Feature Article Does Gaslighting Martin Amidu See Crushing Defeat for NDC in Election 2024? – Part 9
THU, 29 FEB 2024 LISTEN

Amidu’s snide attempt to blame foreign-funded Civil Society Organizations (CSOs) in the country for an Incumbent President John “SADA Gravy-Train Conducting” Dramani Mahama’s massive loss of the 2016 Presidential Election is characteristically absurd. It is also rather scandalously ironic that the self-proclaimed assassination target of former President Mahama had apparently not paid sedulous attention to media reports and radio interviews in the wake of the 2012 Presidential Election, whose results were hotly disputed before the Supreme Court of Ghana. Else, Martin Amidu would have heard Johnson “The Mosquito” Asiedu-Nketia, at the time the General-Secretary of the National Democratic Congress and, presently, the National Chairman of the NDC, sheepishly confess to the host of an Accra-based current affairs FM-radio program that Dr. Kwadwo Afari-Gyan, Chairperson of the Electoral Commission, and his fellow Bono sub-citizen or clansman, he would have heard the former Rawlings-appointed Deputy Minister of Defense confess to the aforesaid FM-radio program host that the results of the 2012 Presidential Election may very well have flagrantly, if not downright criminally and treasonously, been cooked and delivered on a diamond-gilt platter in favor of the widely believed and anticipated loser, to wit, an Incumbent President Mahama.
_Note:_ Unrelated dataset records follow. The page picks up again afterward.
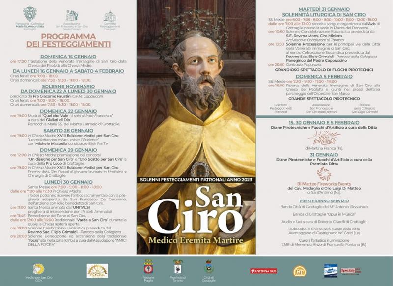 A Grottaglie in provincia di Taranto si svolge nei giorni dal 21 Gennaio al 04 Febbraio 2024 la Festa di San Ciro.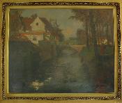 | Lot 14. Landscape with thatched-roof home and stream European School (19th century). E P lower right. Oil on board 6 3/4 x 9 3/4 in. Framed under glass. (Good) $400 - 500 |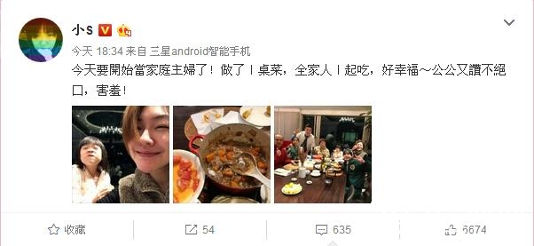 小s最近也开始当起家庭主妇,做了一桌菜,全家人一起吃,公公赞不绝口。为毛我只看见了西红柿炒蛋,为毛每次都只有公公一个人赞不绝口。看了黄磊家的晚餐再来看小S家的,真的好没有食欲有没有!不过,网友说得对,不管菜品如何,菜做得好不好吃,小S在家下厨陪伴公公婆婆,这份孝心是难能可贵的,对不对! 就冲这份孝心就该为她点赞!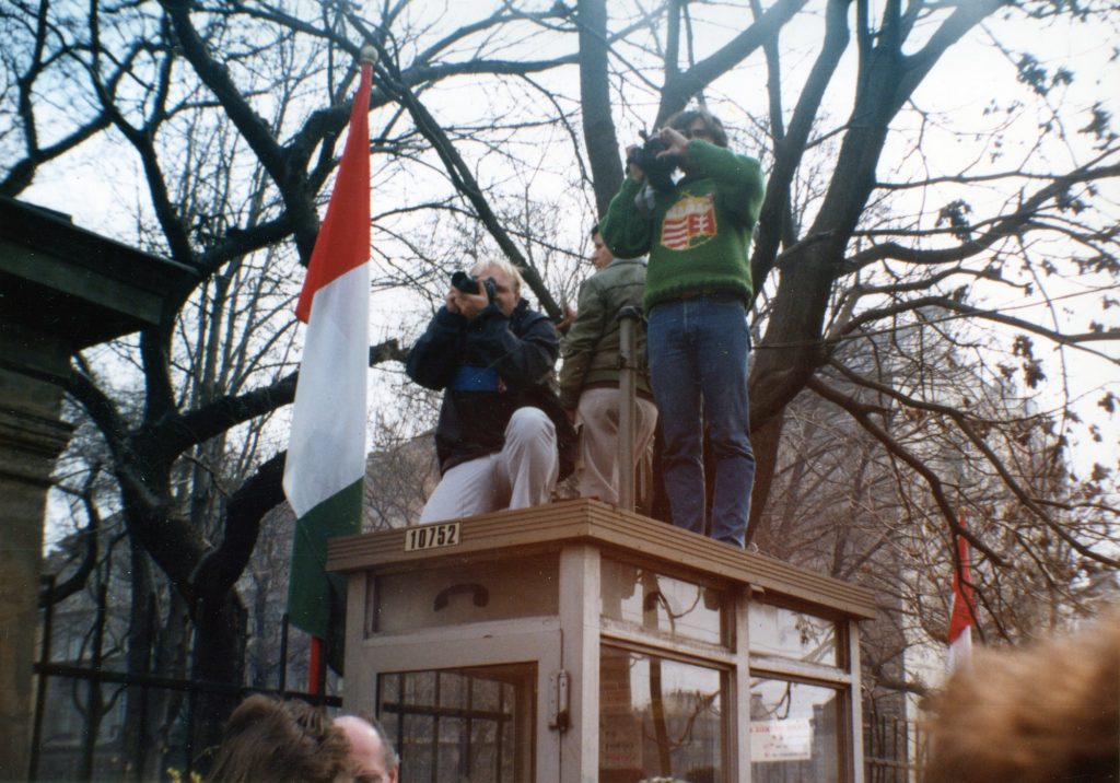 1989, Múzeum körút a Nemzeti Múzeum bejáratától a Múzeum utca felé nézve. A fotósok a múzeumkerti március 15-i ünnepség résztvevőit fényképezik a telefonfülke tetejéről (Fotó: Fortepan/Marics Zoltán)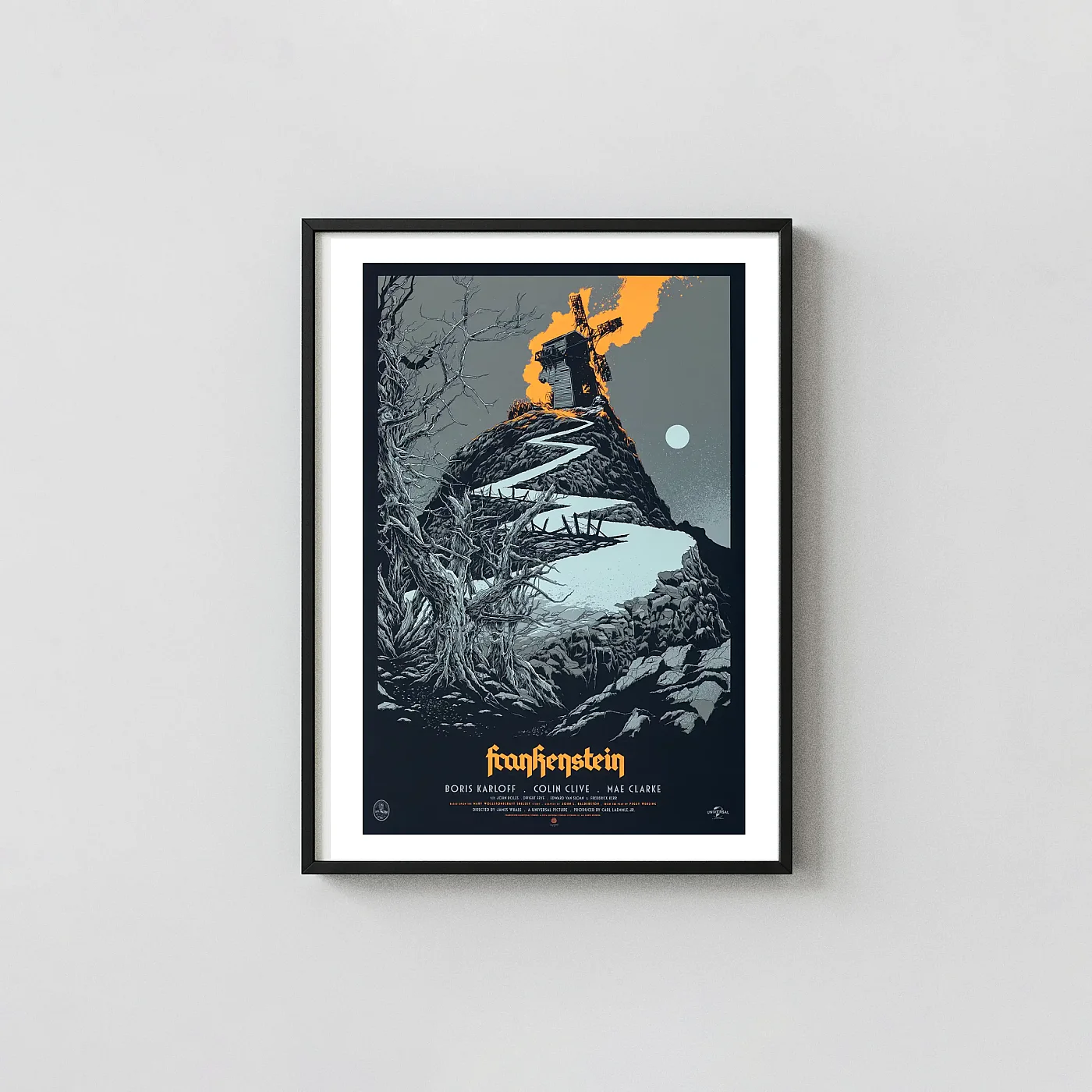 Immortalize the definitive Universal monster classic with this striking Frankenstein poster by Ken Taylor (Mondo, 2014). Featuring the iconic burning windmill scene.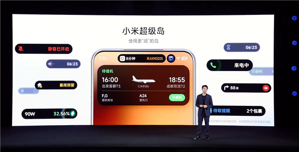 根据官方演示,小米超级岛可显示充电功率、充电电量、待取快递提醒、登机提示、天气预警、打车信息、导航、倒计时、手机状态等信息。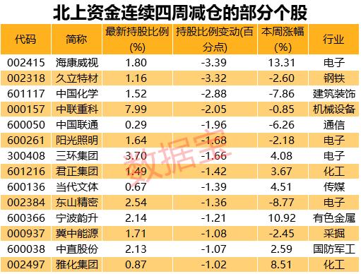 北上资金连续4周卖出97股。分行业来看,化工行业个股数量居前,有9只。从持股比例变动情况来看,与4周前相比,14股减仓比例超1个百分点。海康威视减仓幅度最大,相比4周前减仓了3.39个百分点,其他减仓幅度较大的还有久立特材、中国化学、中联重科、中国联通等。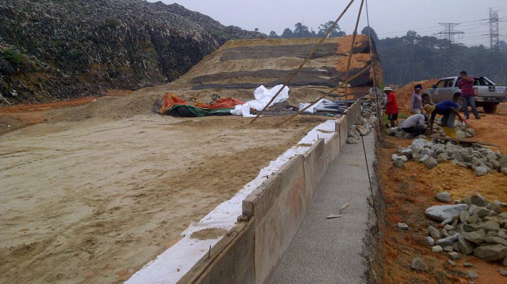 Kuantan Jabor-Jerangau Landfill was first opened in 1993 as the designated landfill for municipal solid waste for the Kuantan town, Pahang, Malaysia. Apart from the landfill, there is also a leachate treatment plant installed at the landfill for treatment of leachate prior to their discharge to the nearby drain. However, because of the increase of solid waste sent to the landfill and there is a lack of additional space to handle the load, part of the landfill had to be closed and upgraded. Huls Engineering which is an expert in geosynthetic materials had came out with a solution of constructing a 'Geogrid Wall' as well as to supply and install geosynthetic materials including manpower to resolve space issues at the landfill.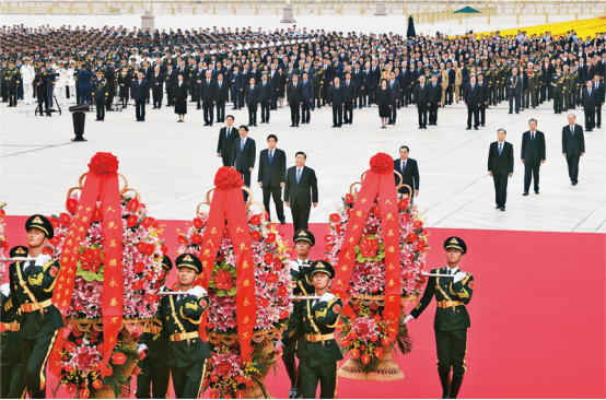 2021年9月30日上午,党和国家领导人习近平、李克强、栗战书、汪洋、王沪宁、赵乐际、韩正、王岐山等来到北京天安门广场,出席烈士纪念日向人民英雄敬献花篮仪式。 新华社记者 张领/摄

The wiry-framed man who has been affectionately nicknamed “General Mosquito” would also go on to further confess that but for the abject lack of vigilance on the part of the woefully and significantly under-resourced Akufo-Addo polling agents, assigns and monitors, there absolutely would not have been even the proverbial Chinaman’s Chance for the former Rawlings’ Deputy Communications Minister, later substantive Communications Minister, to have carried the vote and, for that matter, the 2012 Presidential Election. A truth-economizing Martin Amidu also characteristically conveniently ignores to significantly underscore the readily accessible fact that four-and-half years of Dumsor, that is, the perennially erratic supply of power, had resulted in the effective collapse of nearly 2/3rds (Two-Thirds) of all businesses, both publicly and privately owned businesses, which had logically resulted in a historically unprecedented upsurge in the level and the rate of unemployment in the country.

Instead, this is what the strategically and characteristically disingenuous Martin Amidu has to say in his widely discredited 2024 Tamale-UDS-sponsored Harmattan School prolix of a supposedly comprehensive and authoritative synopsis of the political and the constitutional history of 32 years of Fourth-Republican Ghana: “Promises of a better and good governance without draconian taxes on the people and with an assurance of the judicious use of the nation’s resources for the wellbeing of [all] Ghanaians recruited [endeared or attracted?] even [diehard] members of the NDC, including myself into supporting then-Candidate Akufo-Addo[,] who easily beat the incumbent President at the 2016 elections to make a first in the history of the country of defeating an incumbent Presidential Candidate. Nana Akufo-Addo was so successful in convincing the electorate about his determination to fight corruption which was pervasive within the government that the electorate went along and voted [for] him to [become] President.”

Coincidentally, Akufo-Addo’s flat and adamant refusal to indict and rigorously prosecute his immediate predecessor’s double-salary drawing cabinet appointees, signaled the ominous beginning of the epic failure of his much-touted steely determination to fight official corruption at all levels. It also vindicates the assertion by the self-proclaimed Citizen Vigilante that Nana Akufo-Addo may very well be the most corruption-accommodating of all the five Fourth-Republican Presidents, except for the fact of his immediate successor’s having been unimpeachably “beatified” by the late President Rawlings as postcolonial Ghana’s most thoroughgoing corrupt leader.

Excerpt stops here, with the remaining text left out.